## WHAT YOU SHOULD DO:
Task for the records below: copy exactly, and only, the line containing "Note: Some warning" and every line after it to the end, with pictures left out.

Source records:
---+---

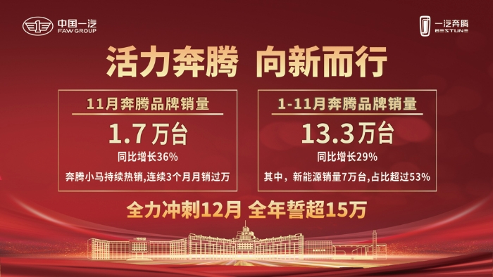 本网讯 11月,奔腾品牌整车销售1.7万辆,同比增长36%。1-11月,奔腾品牌整车销售13.3万辆,同比增长29%。其中,新能源销售7万辆,占比53%;奔腾小马持续热销,连续3个月月销过万。
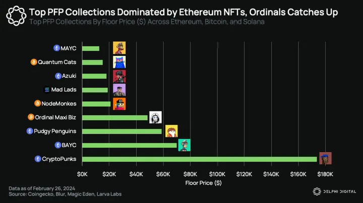 While the top PFP collections by floor price still consist mainly of Ethereum NFT collections like Punks and Bored Apes, Bitcoin Ordinals is catching up, with 3 Ordinals PFP collections (Quantum Cats, NodeMonkes, and OMBs) climbing into the top ranks.
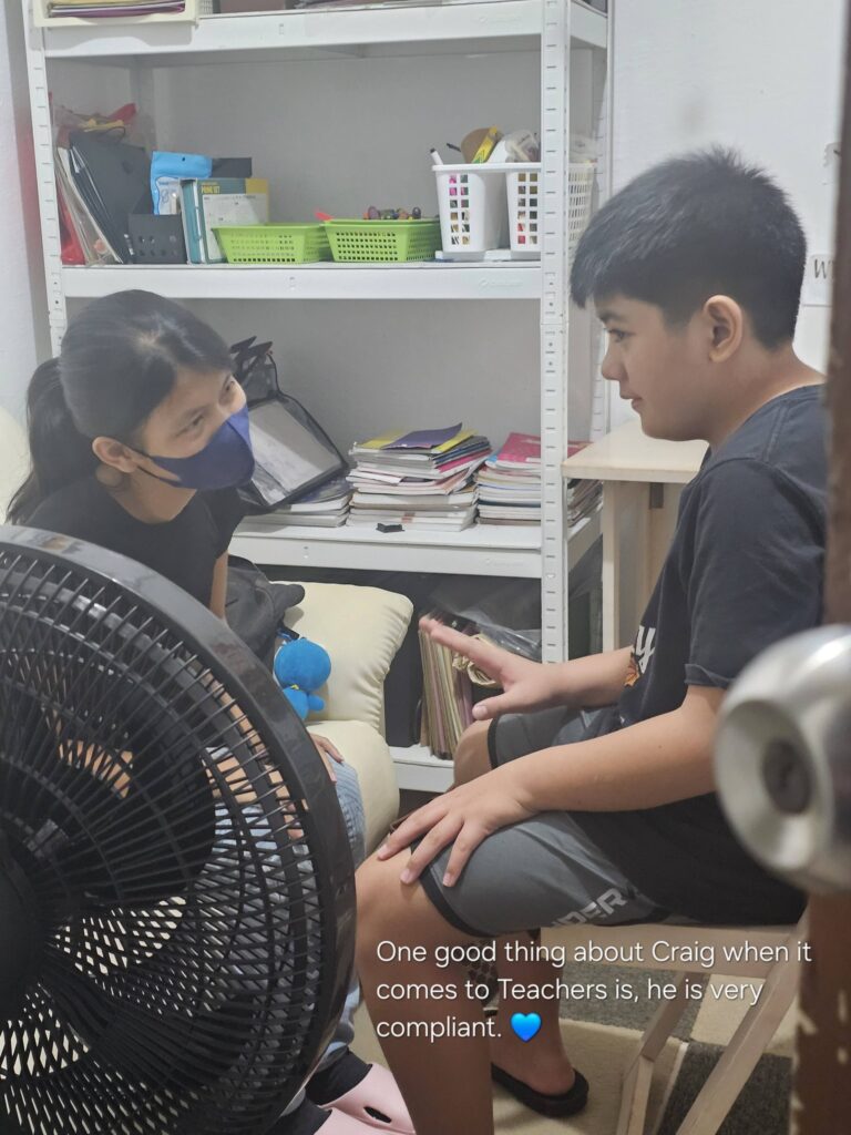 This was yesterday, despite being late, he insisted going to school. But for SNED learners like Craig, being in Mainstream does not automatically reflect their academic level. (Of course, some SNED learners are geniuses. But Craig’s story is different.)
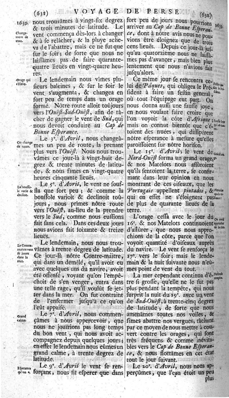 Voyages celebres & remarquables, faits de Perse aux Indes Orientales, par le sr. Jean-Albert de Mandelslo, gentilhomme des ambassadeurs du duc de Holstein en Moscovie & Perse. Contenant une description nouvelle & très-curieuse de l'Indostan, de l'empire du Grand-Mogol, des îles & presqu'îles de l'Orient, des royaumes de Siam, du Japon, de la Chine, du Congo, &c. Où l'on trouve la situation exacte de tous ces pays & etats ; & où l'on rapporte assez au long le naturel, les moeurs, & les coutumes de leurs habitans; leur gouvernement politique & ecclesiastique; les raretez qui se rencontrent dans ces pays; & les ceremonies qu'on y observe. Mis en ordre & publiez, après la mort de l'illustre voyageur, par le sr. Adam Olearius... Traduits de l'original par le sr. A. De Wicquefort ... Divisez en deux parties. Nouvelle edition revûe & corrigée exactement, augmentée considerablement, tant dans le corps de l'ouvrage qu'aux marginales, & surpassant en bonté & en beauté les précedentes editions. On y a encore ajouté des cartes géographiques, des représentations des villes, & autres taille-douces très-belles & très-exactes. On y trouve à la fin une Table fort ample & fort exacte. Tome premier [-second].
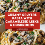 A rich and comforting Caramelized Leek and Mushroom Gruyere Pasta featuring tender fettuccine tossed in a creamy Gruyere cheese sauce with caramelized leeks, sautéed mushrooms, and a hint of garlic. This easy stovetop recipe balances savory and creamy flavors with a fresh parsley garnish.
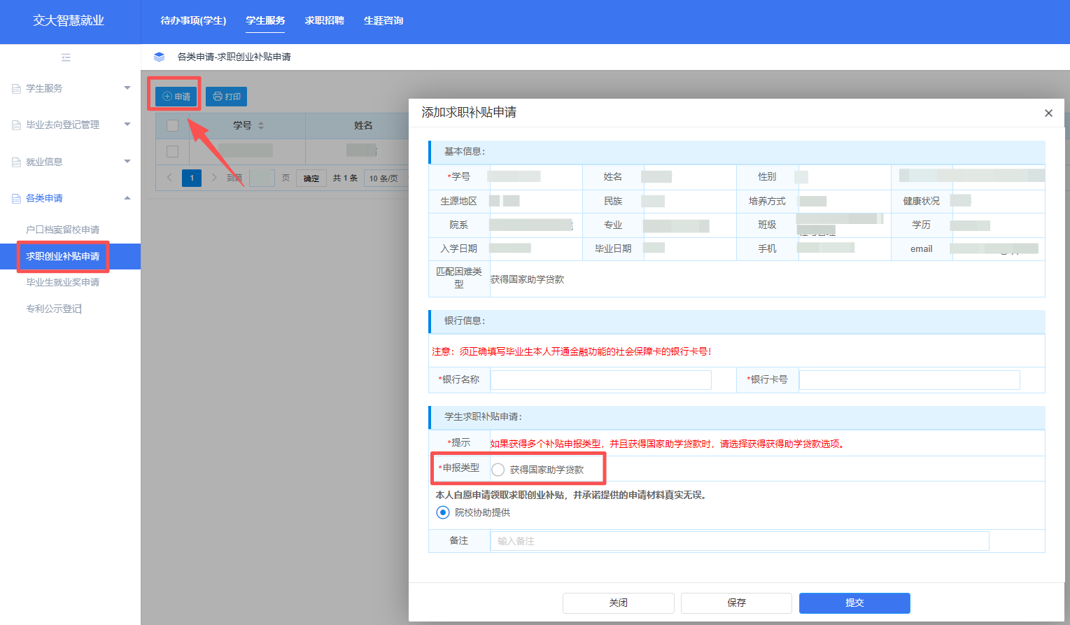 申请后请各位同学下载打印《成都市一次性求职补贴申请表(含身份证复印件)》(附件1)并签字,连同已开通金融功能的社会保障卡正反面复印件在11月25日前交至学院学工组【本科生交至电气馆X10201就业小组处;研究生交至各自辅导员处】。
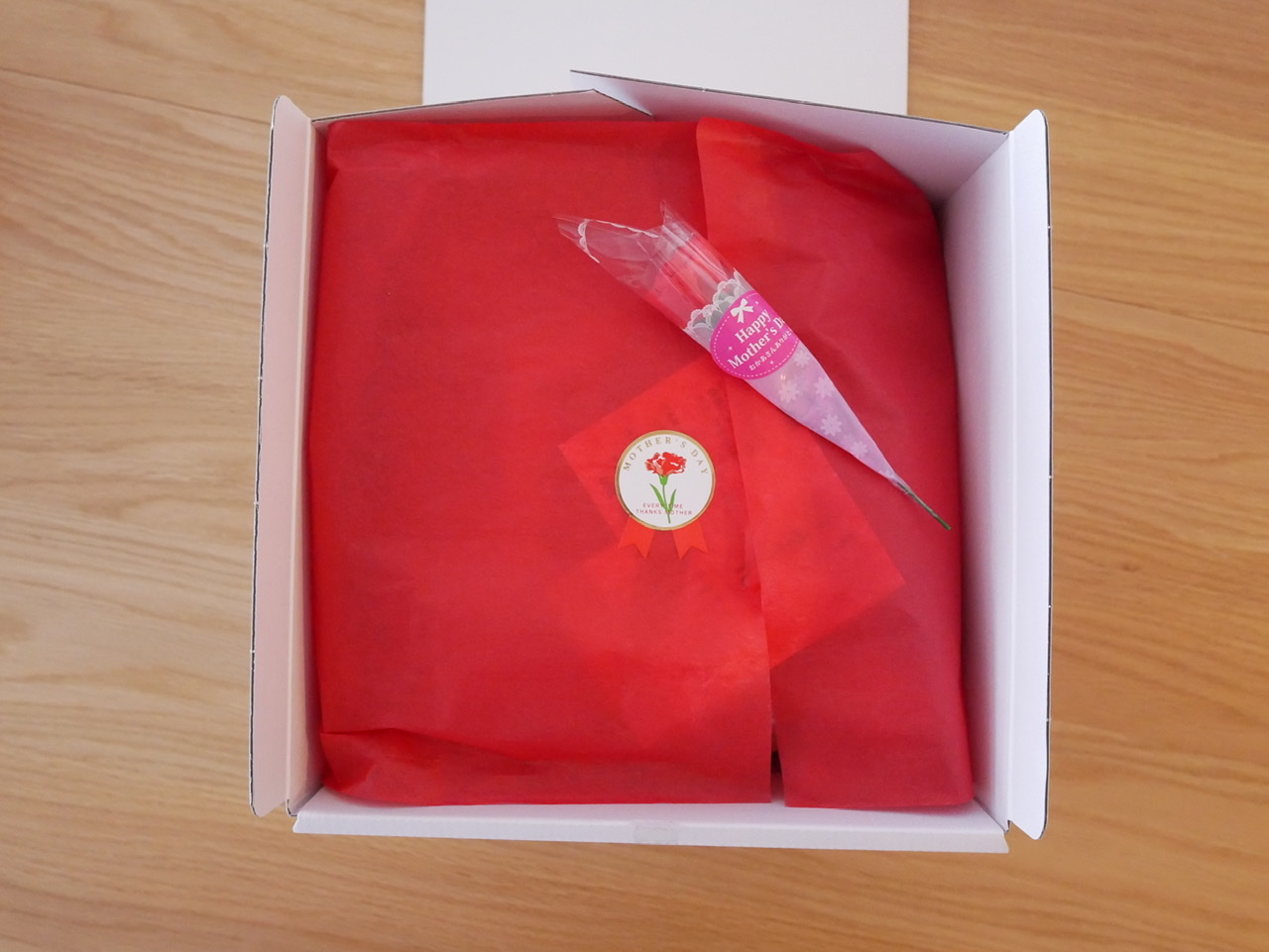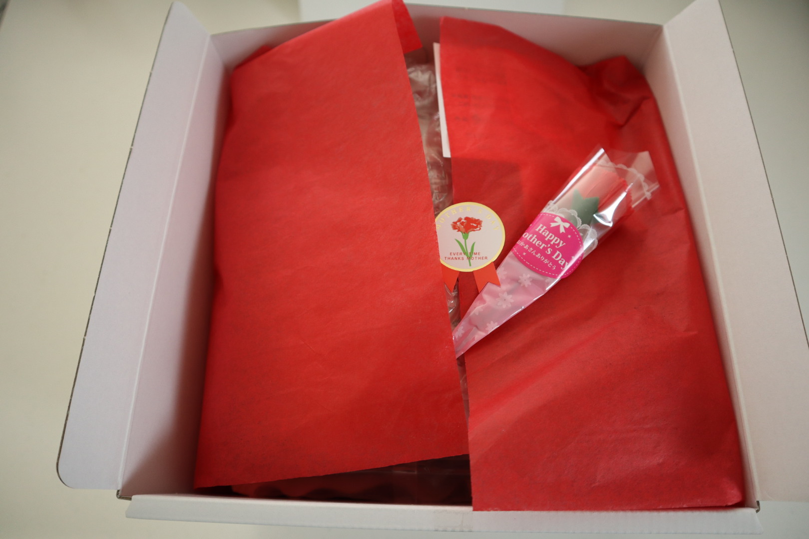 母の日セットとのことで、可愛らしいカーネーションも入っていました!優しさがいっぱい詰まった商品だと思います。掛け紙からも優しさが溢れていてすごく母の立場ではないのに、素敵な気持ちになりました!
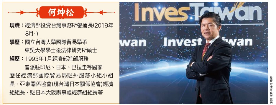 投資台灣招商引資,目前是由經濟部投資台灣事務所負責,營運長何坤松提到,過去二、三十年來,台灣產業外移嚴重,甚至有空洞現象,考量人工成本,外移的基地以中國大陸及東南亞為主,兩年前因為中美貿易戰,在關稅壓力下,廠商開始轉移生產基地,前行政院長、即現任副總統賴清德責成規劃台商回流方案,新冠肺炎疫情爆發,台廠都有認知,不要把生產基地過度集中在中國大陸,希望台商在選擇生產基地時,可以再度選擇台灣。
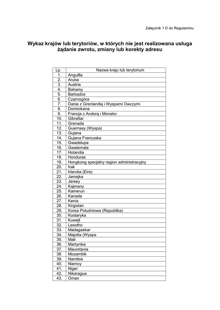 Załącznik 1 D do Regulaminu Wykaz krajów lub terytoriów, w których nie jest realizowana usługa żądanie zwrotu, zmiany lub korekty adresu Lp. 1. 2. 3. 4. 5. 6. 7. 8. 9. 10. 11. 12. 13. 14. 15. 16. 17. 18. 19. 20. 21. 22. 23. 24. 25. 26. 27. 28. 29. 30. 31. 32. 33. 34. 35. 36. 37. 38. 39. 40. 41. 42. 43. Nazwa kraju lub terytorium Anguilla Aruba Austria Bahamy Barbados Czarnogóra Dania z Grenlandią i Wyspami Owczymi Dominikana Francja z Andorą i Monako Gibraltar Grenada Guernsey (Wyspa) Gujana Gujana Francuska Gwadelupa Gwatemala Holandia Honduras Hongkong specjalny region administracyjny Irak Irlandia (Eire) Jamajka Jersey Kajmany Kamerun Kanada Kenia Kirgistan Korea Południowa (Republika) Kostaryka Kuwejt Lesotho Madagaskar Majotta (Wyspa Mali Martynika Mauretania Mozambik Namibia Niemcy Niger Nikaragua Oman Lp. 44. 45. 46. 47. 48. 49. 50. 51. 52. 53. 54. 55. 56. 57. 58. 59. 60. 61. 62. 63. Nazwa kraju lub terytorium Paragwaj Reunion Salomona Wyspy Salwador Serbia Seszele Singapur Stany Zjednoczone Ameryki (USA) Suazi (Swaziland) Sudan Surinam Szwajcaria z Liechtensteinem Szwecja Świętego Piotra i Miquelona Wyspa Świętej Łucji Wyspa Trynidad i Tobago Uganda Vanuatu Wielka Brytania i Irlandia Północna oraz Wyspa Man Wietnam -2-
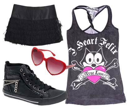 משקפי שמש לבבות (24/7, 60 שקל); חצאית מיני פרנזים (קסטרו, 229 שקל); נעלי ספורט (ספרינג, 229 שקל); גופיה (פלסטיק דול לטי מרקט, 120 שקל)
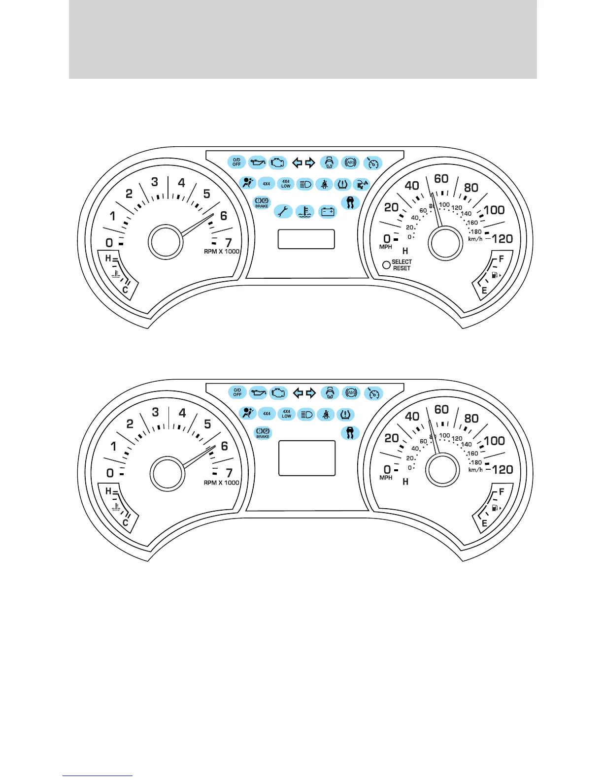 Note: Some warning lights will display in the message center as words
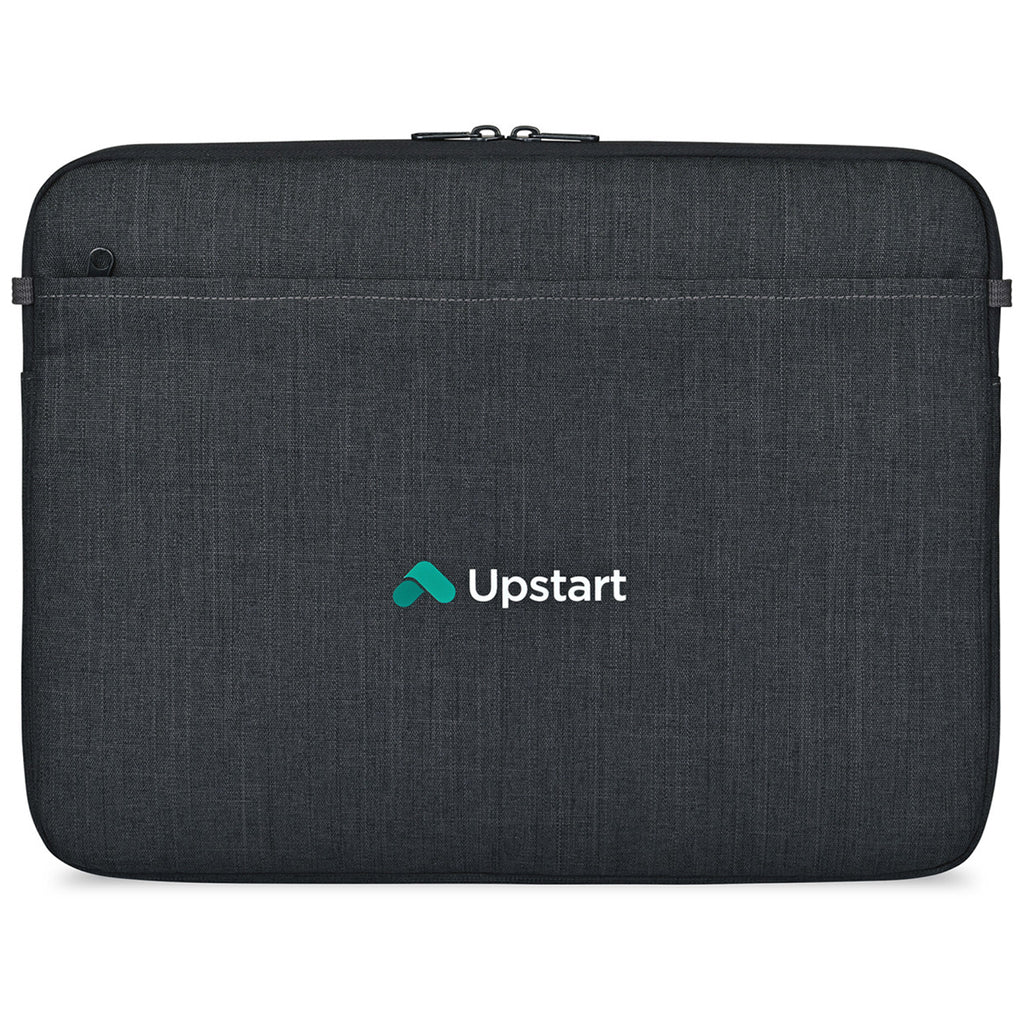 The Gemline Black Sand Alba 16" Laptop Sleeve with a corporate logo is a durable, eco-conscious way to stay organized and connected. The zippered and padded main compartment holds up to a 16" laptop and a front zippered pocket holds accessories. Perfect for the office, travel, or school when a laptop is needed.

---+---

## EXERCISE ANSWER:
 Note: Some warning lights will display in the message center as words
 The Gemline Black Sand Alba 16" Laptop Sleeve with a corporate logo is a durable, eco-conscious way to stay organized and connected. The zippered and padded main compartment holds up to a 16" laptop and a front zippered pocket holds accessories. Perfect for the office, travel, or school when a laptop is needed.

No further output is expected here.